Exercise details — All entries are to be copied exactly, with pictures removed.
%%
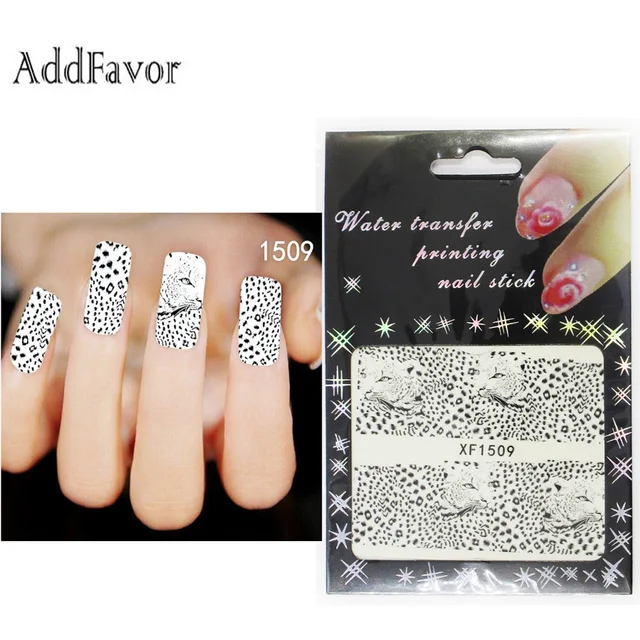 Addfavor 3pcs Black White Leopard Skin Nail Art Sticker Water
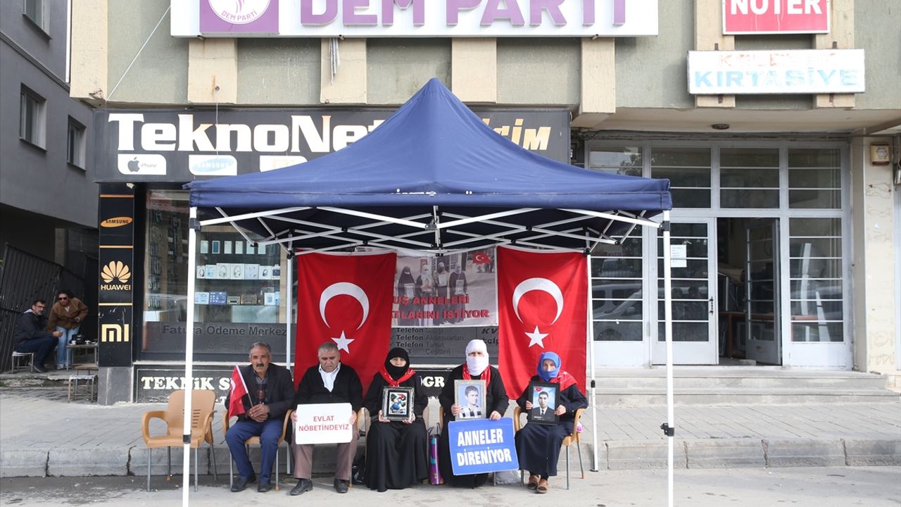 MUŞ (AA) - Muş'ta çocukları terör örgütü PKK tarafından kaçırılan aileler, DEM Parti İl Başkanlığı önündeki eylemlerine devam etti.
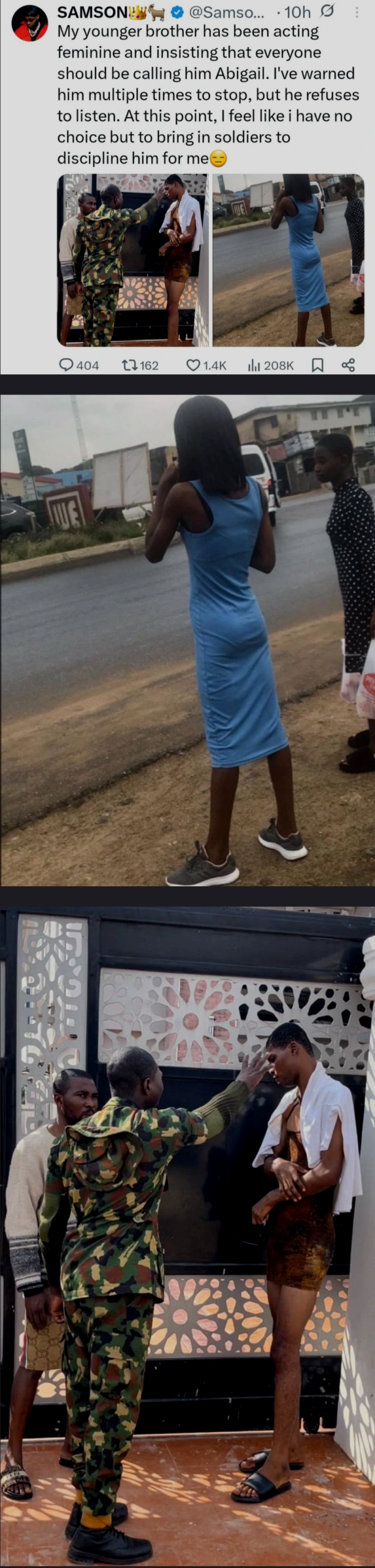 He shared a photo of a uniformed man confronting his cross-dressing brother and wrote: “My younger brother has been acting feminine and insisting that everyone should be calling him Abigail. I’ve warned him multiple times to stop, but he refuses to listen. At this point, I feel like i have no choice but to bring in soldiers to discipline him for me”
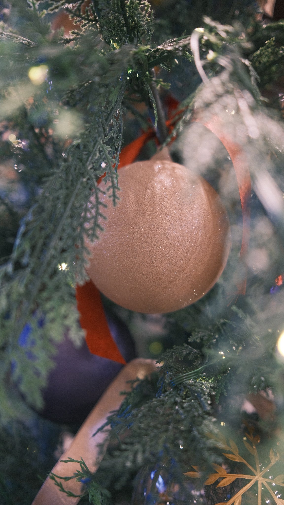 This 4-inch glass ball ornament features a rich taupe color, elegantly sugared with fine glitter for a subtle, sophisticated shimmer. Its refined finish makes it an ideal accent to enhance any holiday setting with graceful style.
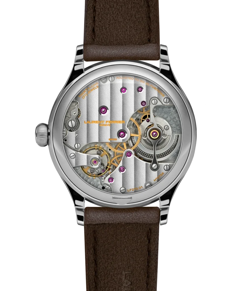 Importantly, this new reference is manual. While Laurent Ferrier is widely associated with its micro-rotor calibres, the choice to use a hand-wound movement reflects a more tactile philosophy. The LF116.01 movement offers an 80-hour power reserve and featuring a screw balance with Breguet overcoil for enhanced stability. The long-blade ratchet delivers a crisp click when wound, a mechanical detail that collectors often mention before anything visual. Robert noted how much care is taken in such moments. Even the generously shaped crown was designed with feel in mind. These are small decisions, but they define the experience.
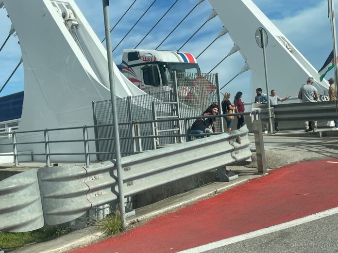 Ponte mobile bloccatonella mattinata dalla manifestazione per la Palestina. I manifestanti si sono sdraiati e seduti per terra, sull’infrastruttura, al grido di “Free free Palestine”. L’occupazione è durata pochi minuti, ma ha portato al blocco del traffico lungo l’asse viale Trieste-Via Mattei, creando disagi.
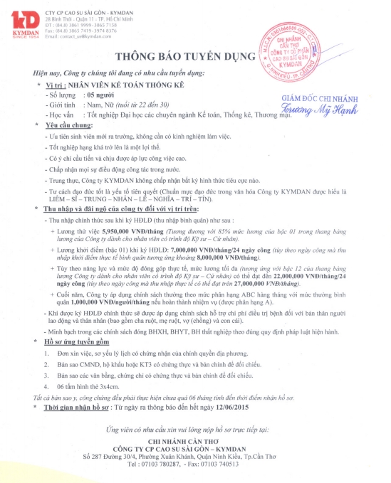 Thông báo tuyển dụng của Công ty CP Cao su Sài Gòn - KYMDAN (Chi nhánh Cần Thơ)
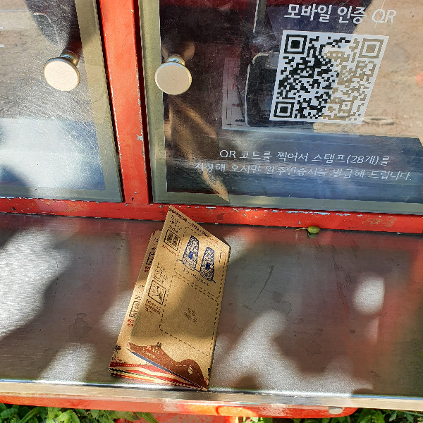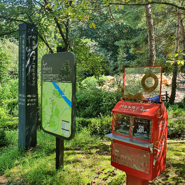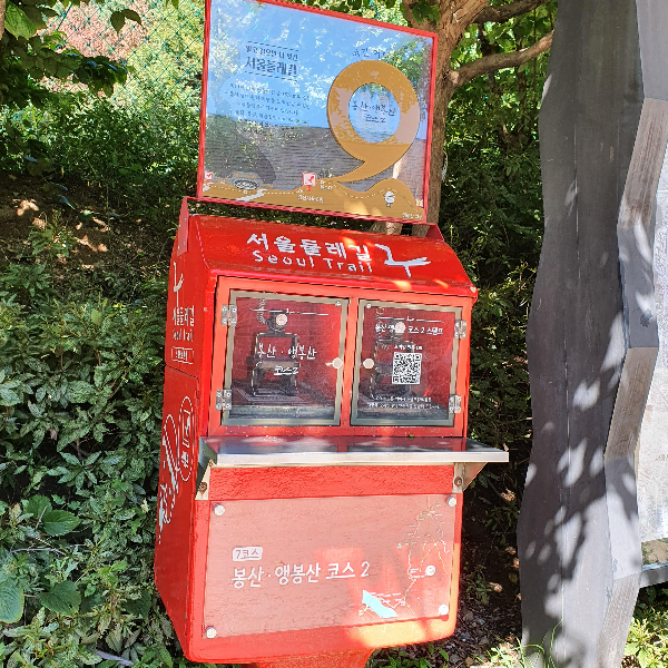 7-2코스는 6호선 증산역에서 시작한다. 증산역 3번 출구로 나와서 증산 체육공원 방면으로 들어가야 하는데, 증산 체육공원을 가는 길목부터 오르막길이다. 산 입구에 다다르자 빨간 우체통이 보였다. 본격적인 둘레길이 시작되기 전인데도 벌써 숨이 조금 차올랐다. 도장을 찍고 출발해 보았다.
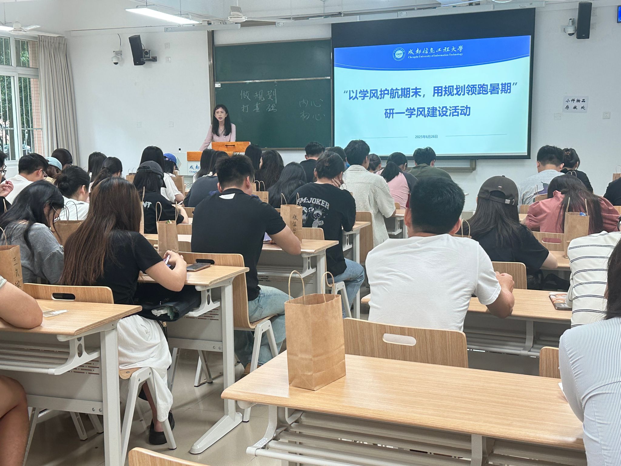 2025年6月27日,管理学院召开“以学风护航期末,用规划领跑暑期”研究生学风建设活动,学院党委副书记刘宇、研究生辅导员危一心及2024级全体研究生参加。
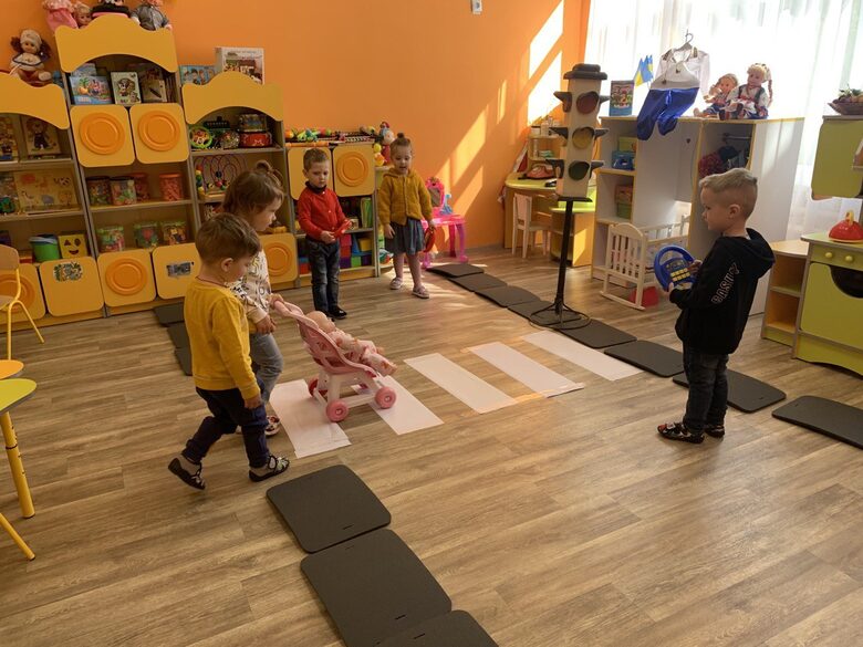 Важливу увагу приділяю правилам дорожнього руху. На інсценізованій проїжджій частині діти вправлялися правильно переходити дорогу по "пішохідному переходу" (молодший вік), розпізнавати сигнали світлофора, звертати увагу на дорожні знаки та поводитися уважно й відповідально як пішоходи.
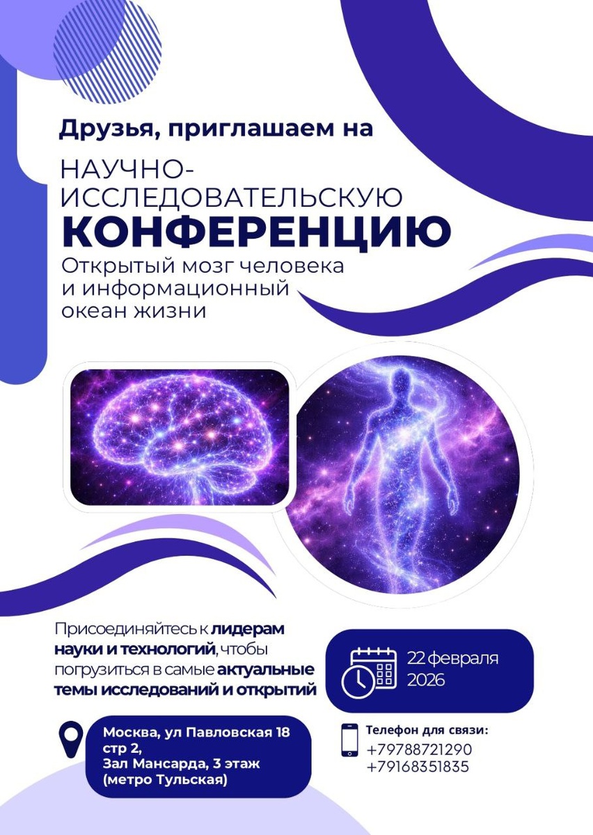 📣 Дорогие друзья, 22 февраля 2026 года состоится научно-исследовательская конференция «Открытый мозг человека и информационный океан жизни
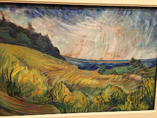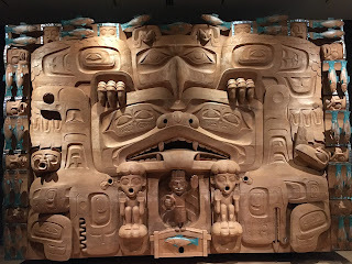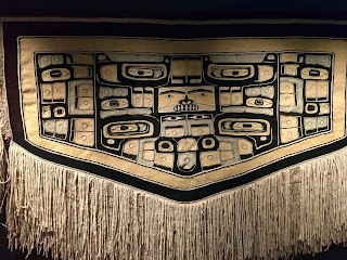 Today we attended a Zoom session about publishing, which would have been interesting if we didn't know anything about this subject, but we do. I went to the Audain Gallery which has a stunning collection of First Nation artefacts - masks, blankets, bentwood boxes - and paintings by Emily Carr and other West Coast artists and, later, photographers. A beautiful gallery, all glass and wood.
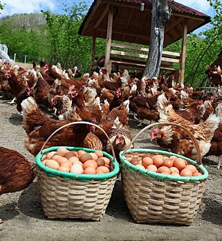 Bugün yeryüzünün çoğu bölgelerinde et ve yumurtası için büyük çiftliklerde tavuk yetiştirilir. İyi bir tavuk yılda 250-300 yumurta verir. Aralık ve ocak aylarında tüy değiştirdiklerinden yumurtlamazlar. Horoz tarafından döllenmiş yumurtalardan civciv çıkar. Döllenmemiş yumurtalardan civciv çıkmaz. Yumurta besleyici bir gıdadır. Yumurtalıkta meydana gelen yumurta sarısı, yumurtalık kanalından geçerken üst kısımdan salgılanan yumurta akına bulanır. Aşağı inerken de üstü kireçlenir. Bu yumuşak kabuk havayla temas edince sertleşir. En önemli tavuk cinsleri Minorka, Leghorn, Arden, Dorking, Beç, Nemse, Fizan ve Denizlidir.
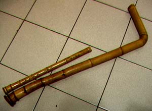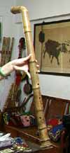 能一人吹奏的大簫,完成後覺得愛不釋手,一方面整體造型具有相當特色,尤其在彎曲段的決定,我採比較短的方式,整體造型維持洞簫的主體性,將進一步實驗更短彎管,甚至稍微在吹嘴轉向的三尺上下簫管,更豐富洞簫的音域範圍與實用價值。 完成於 2001/8/17清晨
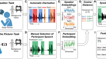 Once speaking roles (child vs. adult) were obtained for each participant, we computed latency as the duration (in seconds) of non-speech regions between speaker turns. We computed latency for the child and the examiner separately. As opposed to using the entire session to compute latency measures for the child and examiner, we restricted our computation to only times within a conversational topic. We defined a topic as a semantically coherent segment of conversation and estimated topic boundaries in an automated manner using the ASR outputs (text format). We segmented the ASR transcript for a BOSCC session into contiguous chunks (i.e., topics) using dynamic programming47 to optimize for the overall lexical coherence48 of the session that is computed as distance measures between word embedding representations. Combining this segmentation output with speaking times obtained from the speech processing pipeline, we obtained topic boundaries in the audio recording (see Fig. 2b). The topic boundaries allowed us to compute latency within each detected topic category, referred to as intra-topic latency. We were primarily interested in examining the time it takes for the child or examiner to respond when they are having back-and-forth exchanges within each conversational topic, since there is no clear expectation for social responses as one moves from one conversational topic to another.
%%
Answer to this problem —
 Addfavor 3pcs Black White Leopard Skin Nail Art Sticker Water
 MUŞ (AA) - Muş'ta çocukları terör örgütü PKK tarafından kaçırılan aileler, DEM Parti İl Başkanlığı önündeki eylemlerine devam etti.
 He shared a photo of a uniformed man confronting his cross-dressing brother and wrote: “My younger brother has been acting feminine and insisting that everyone should be calling him Abigail. I’ve warned him multiple times to stop, but he refuses to listen. At this point, I feel like i have no choice but to bring in soldiers to discipline him for me”
 This 4-inch glass ball ornament features a rich taupe color, elegantly sugared with fine glitter for a subtle, sophisticated shimmer. Its refined finish makes it an ideal accent to enhance any holiday setting with graceful style.
 Importantly, this new reference is manual. While Laurent Ferrier is widely associated with its micro-rotor calibres, the choice to use a hand-wound movement reflects a more tactile philosophy. The LF116.01 movement offers an 80-hour power reserve and featuring a screw balance with Breguet overcoil for enhanced stability. The long-blade ratchet delivers a crisp click when wound, a mechanical detail that collectors often mention before anything visual. Robert noted how much care is taken in such moments. Even the generously shaped crown was designed with feel in mind. These are small decisions, but they define the experience.
 Ponte mobile bloccatonella mattinata dalla manifestazione per la Palestina. I manifestanti si sono sdraiati e seduti per terra, sull’infrastruttura, al grido di “Free free Palestine”. L’occupazione è durata pochi minuti, ma ha portato al blocco del traffico lungo l’asse viale Trieste-Via Mattei, creando disagi.
 Thông báo tuyển dụng của Công ty CP Cao su Sài Gòn - KYMDAN (Chi nhánh Cần Thơ)
 7-2코스는 6호선 증산역에서 시작한다. 증산역 3번 출구로 나와서 증산 체육공원 방면으로 들어가야 하는데, 증산 체육공원을 가는 길목부터 오르막길이다. 산 입구에 다다르자 빨간 우체통이 보였다. 본격적인 둘레길이 시작되기 전인데도 벌써 숨이 조금 차올랐다. 도장을 찍고 출발해 보았다.
 2025年6月27日,管理学院召开“以学风护航期末,用规划领跑暑期”研究生学风建设活动,学院党委副书记刘宇、研究生辅导员危一心及2024级全体研究生参加。
 Важливу увагу приділяю правилам дорожнього руху. На інсценізованій проїжджій частині діти вправлялися правильно переходити дорогу по "пішохідному переходу" (молодший вік), розпізнавати сигнали світлофора, звертати увагу на дорожні знаки та поводитися уважно й відповідально як пішоходи.
 📣 Дорогие друзья, 22 февраля 2026 года состоится научно-исследовательская конференция «Открытый мозг человека и информационный океан жизни
 Today we attended a Zoom session about publishing, which would have been interesting if we didn't know anything about this subject, but we do. I went to the Audain Gallery which has a stunning collection of First Nation artefacts - masks, blankets, bentwood boxes - and paintings by Emily Carr and other West Coast artists and, later, photographers. A beautiful gallery, all glass and wood.
 Bugün yeryüzünün çoğu bölgelerinde et ve yumurtası için büyük çiftliklerde tavuk yetiştirilir. İyi bir tavuk yılda 250-300 yumurta verir. Aralık ve ocak aylarında tüy değiştirdiklerinden yumurtlamazlar. Horoz tarafından döllenmiş yumurtalardan civciv çıkar. Döllenmemiş yumurtalardan civciv çıkmaz. Yumurta besleyici bir gıdadır. Yumurtalıkta meydana gelen yumurta sarısı, yumurtalık kanalından geçerken üst kısımdan salgılanan yumurta akına bulanır. Aşağı inerken de üstü kireçlenir. Bu yumuşak kabuk havayla temas edince sertleşir. En önemli tavuk cinsleri Minorka, Leghorn, Arden, Dorking, Beç, Nemse, Fizan ve Denizlidir.
 能一人吹奏的大簫,完成後覺得愛不釋手,一方面整體造型具有相當特色,尤其在彎曲段的決定,我採比較短的方式,整體造型維持洞簫的主體性,將進一步實驗更短彎管,甚至稍微在吹嘴轉向的三尺上下簫管,更豐富洞簫的音域範圍與實用價值。 完成於 2001/8/17清晨
 Once speaking roles (child vs. adult) were obtained for each participant, we computed latency as the duration (in seconds) of non-speech regions between speaker turns. We computed latency for the child and the examiner separately. As opposed to using the entire session to compute latency measures for the child and examiner, we restricted our computation to only times within a conversational topic. We defined a topic as a semantically coherent segment of conversation and estimated topic boundaries in an automated manner using the ASR outputs (text format). We segmented the ASR transcript for a BOSCC session into contiguous chunks (i.e., topics) using dynamic programming47 to optimize for the overall lexical coherence48 of the session that is computed as distance measures between word embedding representations. Combining this segmentation output with speaking times obtained from the speech processing pipeline, we obtained topic boundaries in the audio recording (see Fig. 2b). The topic boundaries allowed us to compute latency within each detected topic category, referred to as intra-topic latency. We were primarily interested in examining the time it takes for the child or examiner to respond when they are having back-and-forth exchanges within each conversational topic, since there is no clear expectation for social responses as one moves from one conversational topic to another.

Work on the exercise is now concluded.